If you add the .appinstaller file to the packaging project and set its Package Action property to Content and the Copy to Output Directory property to Copy if newer, you can then add another PowerShell task to the YAML file that updates the Version attributes of the root and MainPackage elements and saves the updated file to the staging directory:
- powershell: |
[Reflection.Assembly]::LoadWithPartialName("System.Xml.Linq")
$doc = [System.Xml.Linq.XDocument]::Load(
"$(Build.SourcesDirectory)/Msix/Package.appinstaller")
$version = "$(major).$(minor).$(build).$(revision)"
$doc.Root.Attribute("Version").Value = $version;
$xName =
[System.Xml.Linq.XName]
"{http://schemas.microsoft.com/appx/appinstaller/2018}MainPackage"
$doc.Root.Element($xName).Attribute("Version").Value = $version;
$doc.Save("$(Build.ArtifactStagingDirectory)/MsixDesktopApp.appinstaller")
displayName: 'Version App Installer File'
You’d then distribute the .appinstaller file to your end users and let them double-click on this one instead of the .msix file to install the packaged app.
Continuous Deployment
The app installer file itself is an uncompiled XML file that can be edited after the build, if required.
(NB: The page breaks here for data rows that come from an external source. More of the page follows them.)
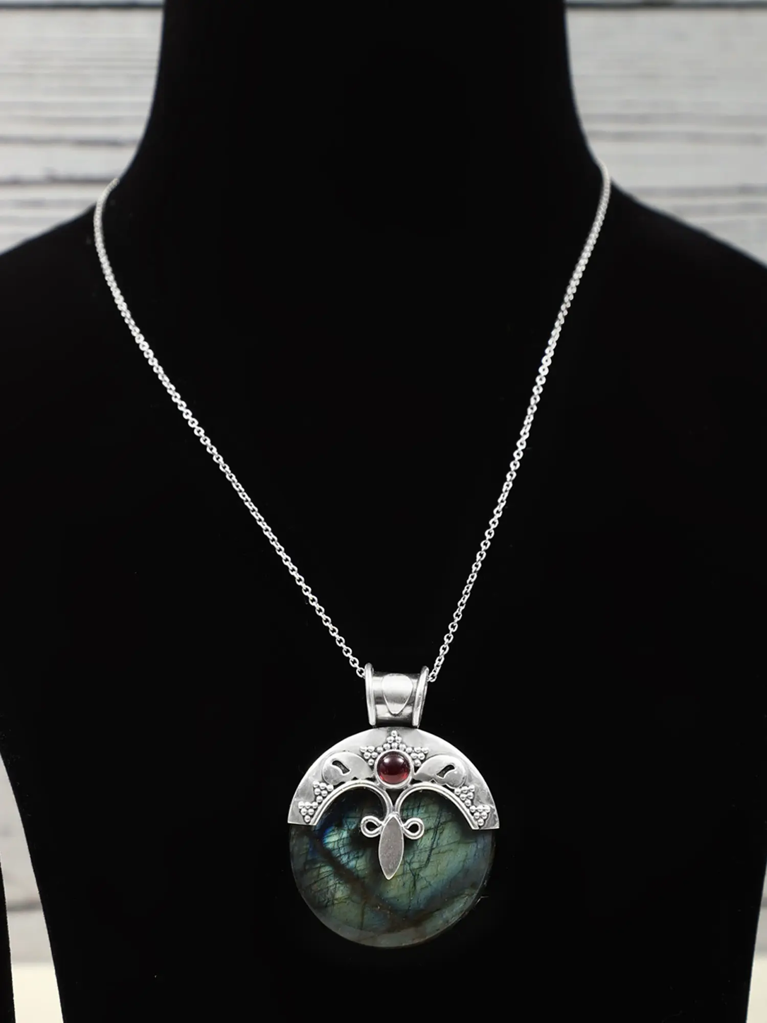 This piece is much more than a simple pendant; it is a reflection of your unique style and appreciation for exquisite detail. The Labradorite is known for its powerful metaphysical properties, believed by some to enhance intuition, creativity, and spiritual connection. The garnet gemstone adds a boost of energy, passion, and vitality. It is a statement of elegance and sophistication, a perfect gift for yourself or someone special, an heirloom-quality piece that will be treasured for generations. The subtle yet striking design captures the attention without overwhelming the eye, making it a versatile piece that can be dressed up or down.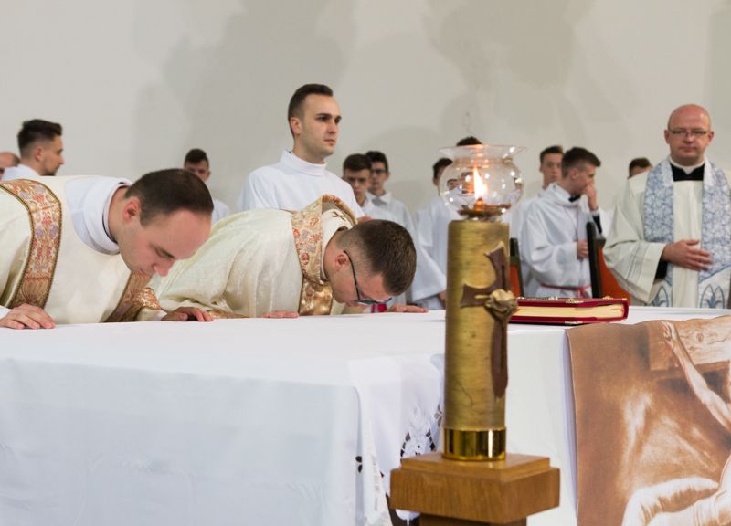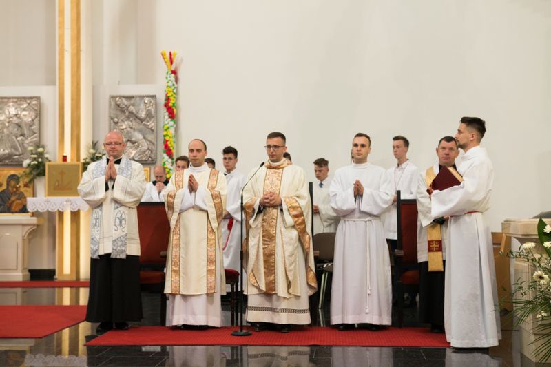 W sobotę, 25 maja 2019 roku, w Łomży biskup Janusz Stepnowski wyświęcił w katedrze nowych kapłanów. Wśród nich naszego parafianina ks. Łukasza Brzostowskiego. Cyrk zwykle "rozbijał się" w pobliżu bloku. Kilka dni widoczny był z okna; z zewnątrz tajemniczy; wewnątrz emocjonujący. Te akrobacje, te popisy zręcznościowe! Więc mały Łukasz postanowił: zostanie cyrkowcem, a mówiąc ładniej – artystą cyrkowym! Ale szybko przychodziła refleksja: jak to marzenie pogodzić z inną dziecięcą pasją: grą "w nogę". Cyrk przyjeżdżał i odjeżdżał, a mecze na blokowym podwórku odbywały się codziennie! Więc ostatecznie zdecydował: zostanie piłkarzem, a dokładniej bramkarzem, bo z sukcesami "całe życie" stał na bramce. Jednak z czasem podwórkowe rozgrywki zaczęły "się sypać". Powód: koledzy-piłkarze rozpoczęli służbę ministrancką w Kościele pw. Krzyża Świętego. Łukasz nie miał więc wyboru: by nie kopać piłki samotnie, poszedł za nimi. Był wtedy uczniem II klasy podstawówki (odtąd służbę ministranta pełnił aż do rozpoczęcia studiów seminaryjnych i wciąż nim się czuje). Od czasu do czasu koledzy żartowali: "Łukasz, ty na pewno zostaniesz księdzem". Śmiał się także, bo miał już nowe pomysły na przyszły zawód: będzie dziennikarzem lub prawnikiem (z kontynuacją swojej pasji fotografowania). Tymczasem wikariusz ks. Radosław Kubeł założył Grupę Ratowniczą. Łukasz został jednym z wolontariuszy. Nie przypuszczał, że ów kapłan, jego duchowy przewodnik, za jakiś czas powie: "Pięć lat ratowałeś ludzkie życie. Jeżeli czujesz, że Pan Bóg chce prowadzić cię drogą do kapłaństwa, po sześciu latach będziesz ratował ludzkie dusze".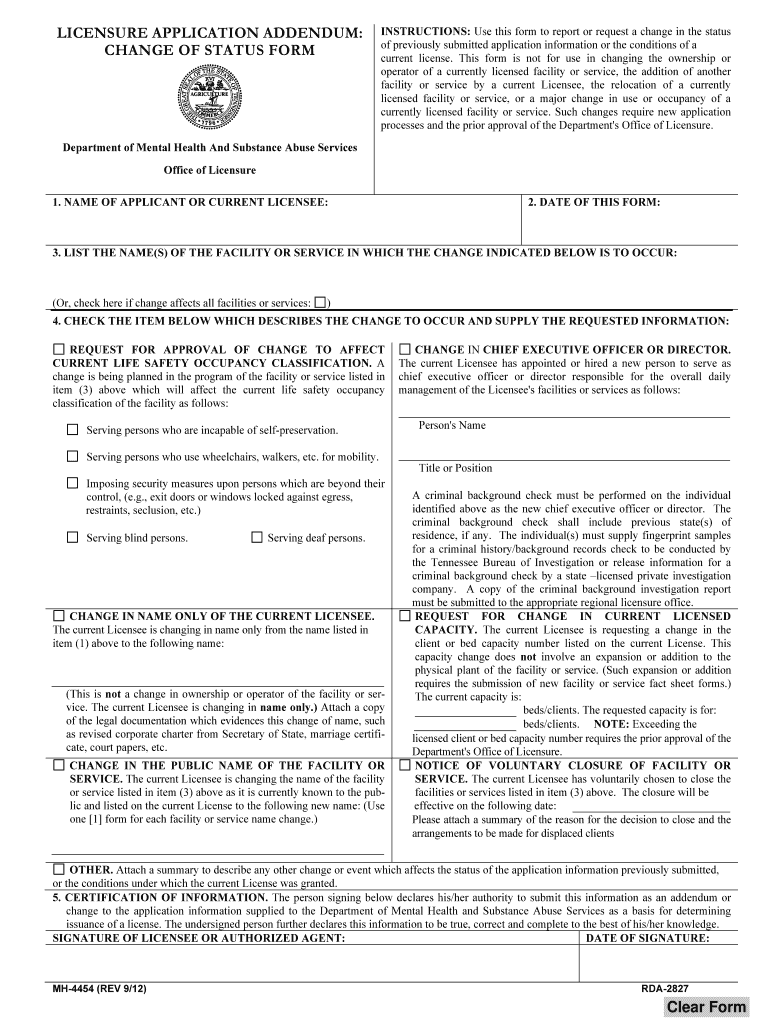LICENSURE APPLICATION ADDENDUM: CHANGE OF STATUS FORM INSTRUCTIONS: Use this form to report or request a change in the status of previously submitted application information or the conditions of a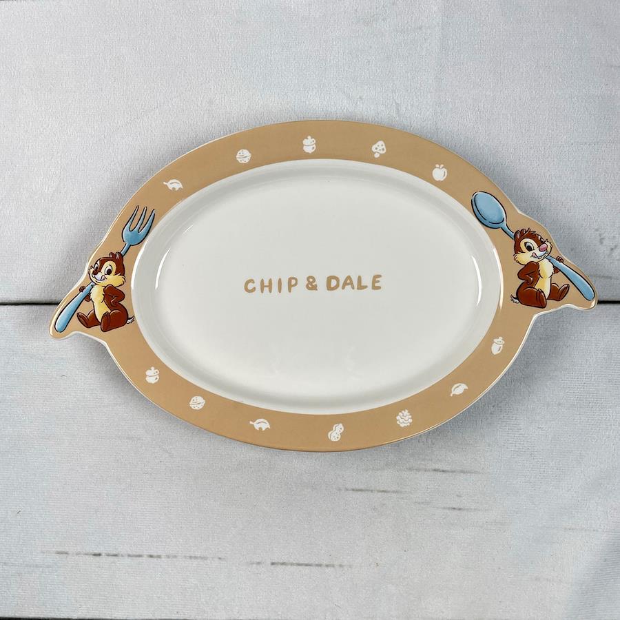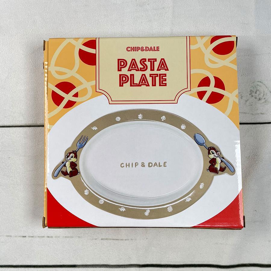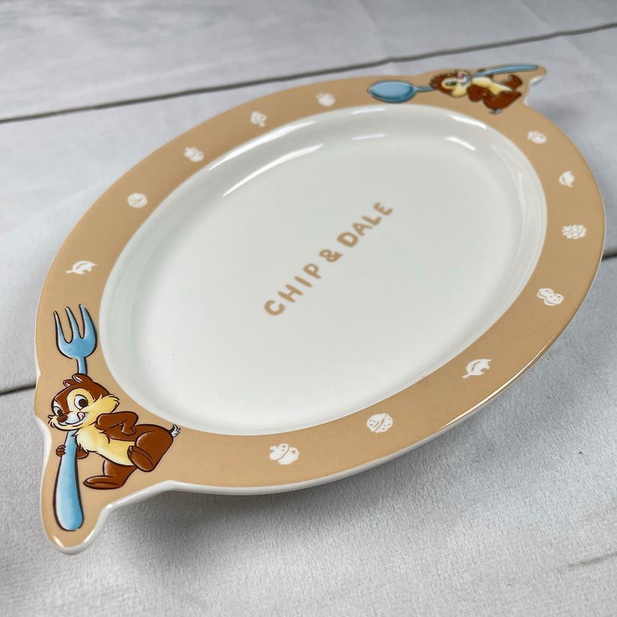 チップとデールのとってもかわいいパスタ皿です。持ちての部分にカトラリーを持ったチップとデールのイラストが描かれています。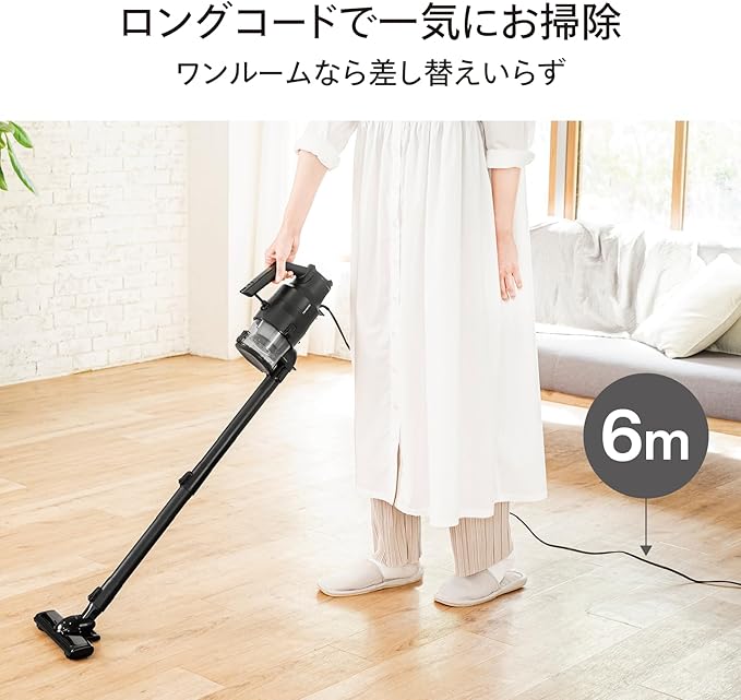 【お掃除しやすいロングコード】コードの長さが6mあり、6畳のワンルームや長い廊下でもコンセントの差し直しなしでストレスがなくスムーズに掃除ができます。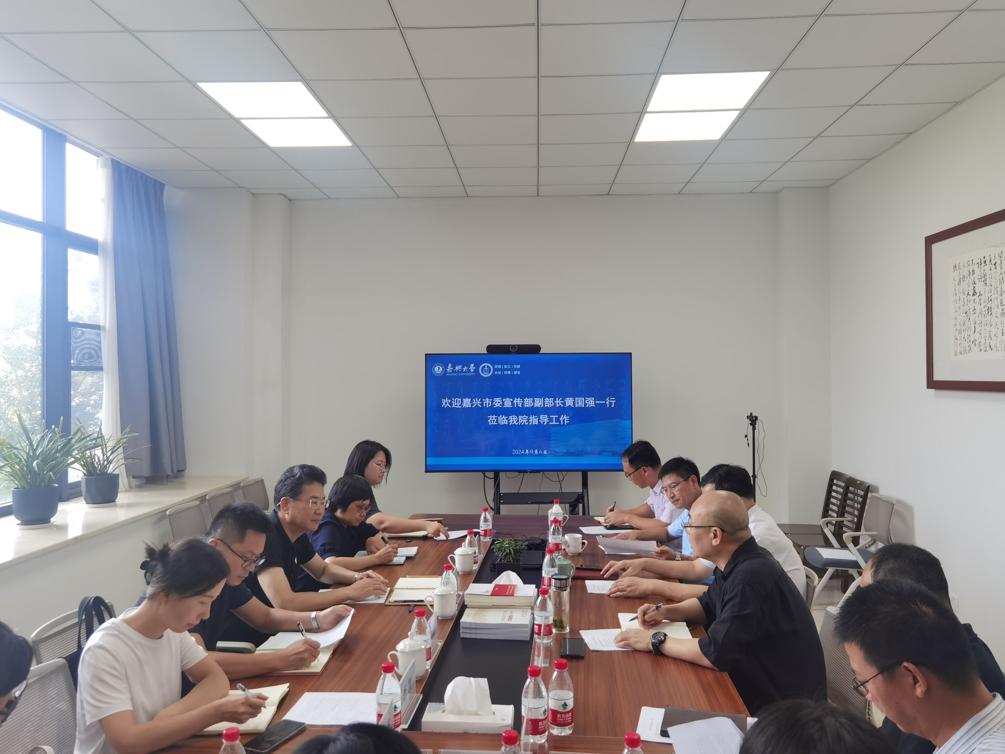 9月6日下午,嘉兴市委宣传部副部长、市社科联主席黄国强一行到访啪啪啦 调研交流。会议由学院党委书记童建华主持,啪啪啦 原党委副书记、中国历代绘画大系研究中心主任吴云达,啪啪啦 发展规划处副处长张猛,啪啪啦 学术院长石贤平及啪啪啦 部分骨干教师参加了座谈。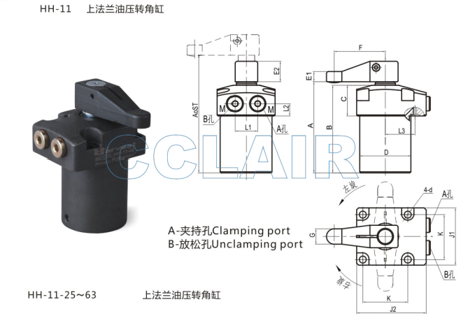 HH-11-25,HH-11-32,HH-11-40,HH-11-50,HH-11-63,上法蘭油壓轉(zhuǎn)角缸,無(wú)錫昌林
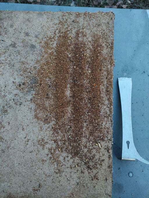 Im Winter lassen die Bienen immer ein paar "Brösel" fallen. Hauptsächlich sind das aufgenagte Wabendeckel, um an den Honig zu kommen, aber auch Varroa-Milben, die bei der Behandlung im Winter abgefallen sind, und anderer Abfall.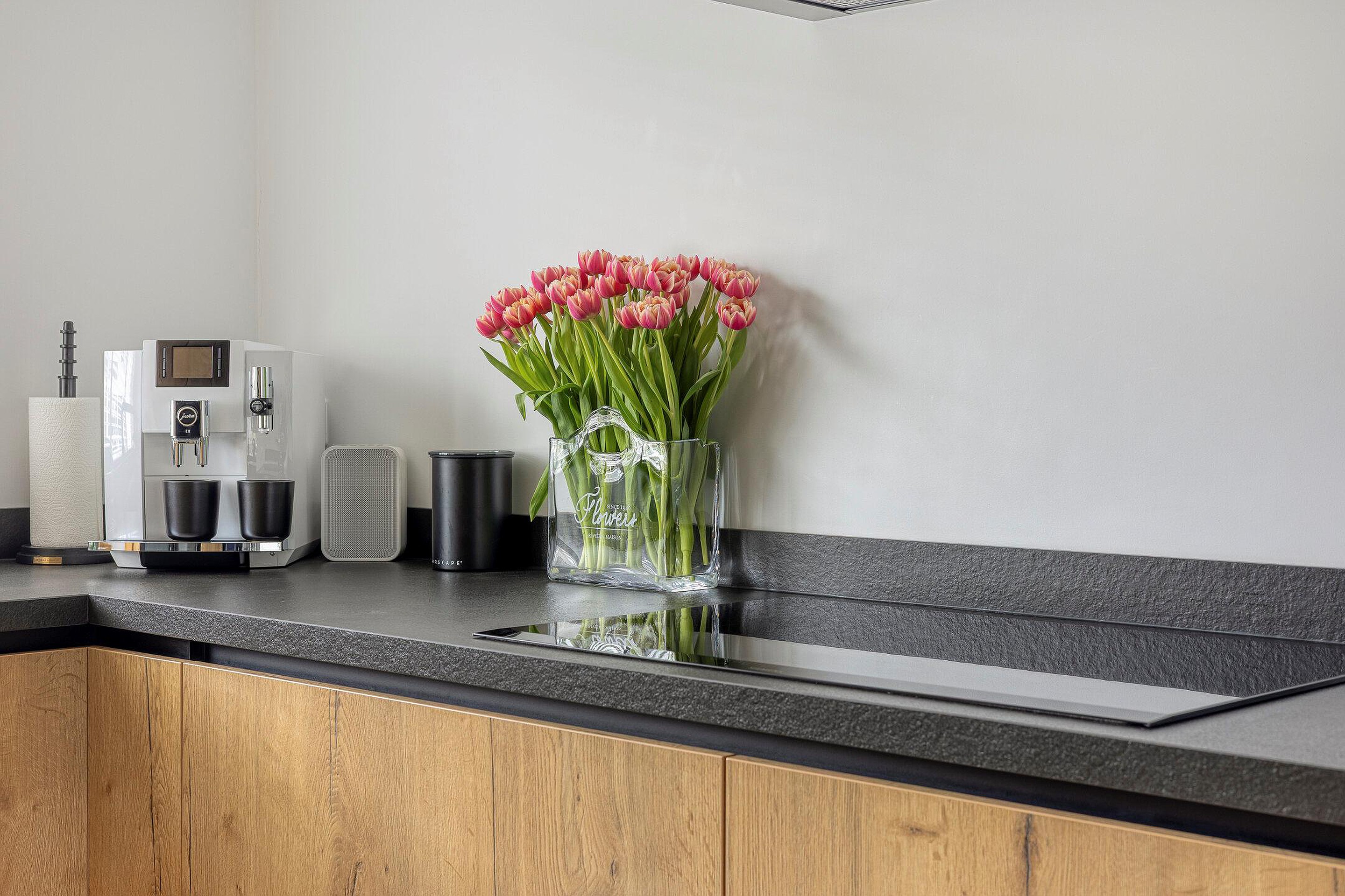 U-vormige opstelling. De keuken is uitgerust met divers hoogwaardig Siemens apparatuur: een inductiekookplaat met afzuigkap, combimagnetron, stoomoven, vaatwasser, koel-vriescombinatie (merk: Liebherr) en een Quooker (koud/warm/kokend water). Daarnaast biedt de keuken diverse grote lades en veel kastruimte; ideaal!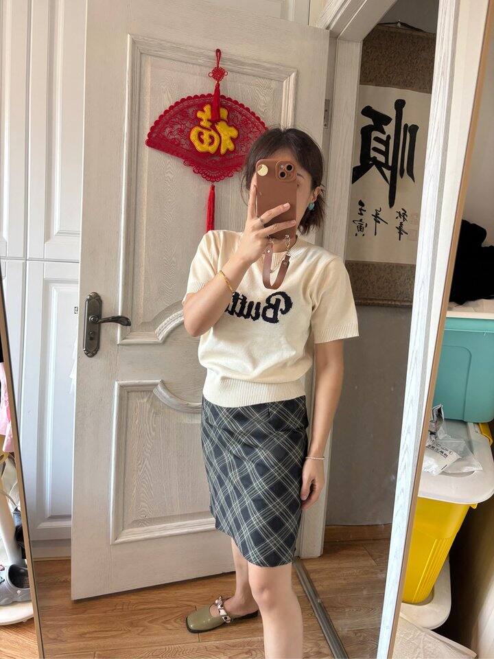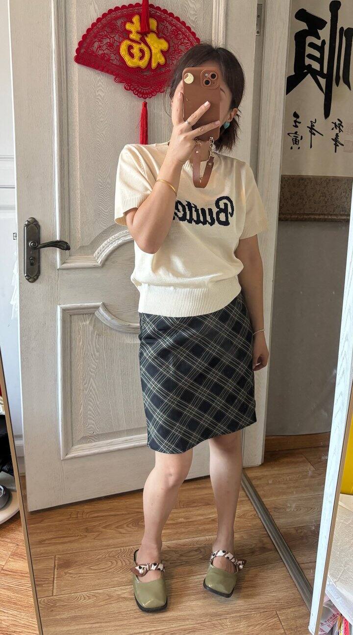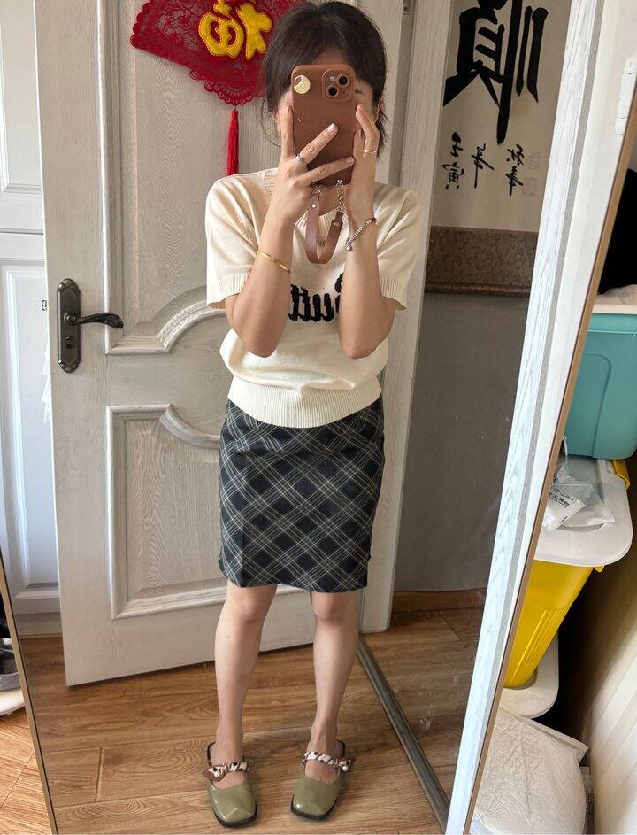这格子裙中裙好看吗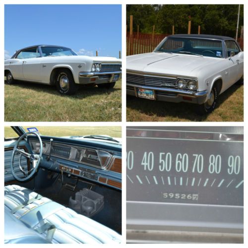 1966 CHEVY CAPRICE , GREAT SHAPE , VEHICLE HAS BEEN SITTING AND NEEDS A TUNE UP AND TO BE DRIVEN. CRANKS AND RUNS , FACTORY AIR , POWER STEERING , 9 OUT OF 10 , 327 AUTOMATIC WITH 60,000 MILES. VEHICLE IS SOLD AS IS , WHERE IS , WITH NO RETURN OR REFUND. CAR IS BEING SOLD LOCALLY AND HAVE THE RIGHT TO END AUCTION AT ANY TIME. ASK QUESTIONS , BECAUSE ONCE YOU BUY IT , IT'S YOUR'S |

This makes it easy to use when you deploy your software to multiple environments and when you want to separate the build pipeline from the release process.
If you create a release pipeline in the Azure Portal using the “Empty job” template and use the recently set up build pipeline as the source of the artifact to be deployed, you can then add the PowerShell task to the release stage in order to dynamically change the values of the two Uri attributes in the .appinstaller file to reflect the location to which the app is published.
A Release Pipeline Task That Modifies the Uris in the .appinstaller File
- powershell: |
[Reflection.Assembly]::LoadWithPartialName("System.Xml.Linq")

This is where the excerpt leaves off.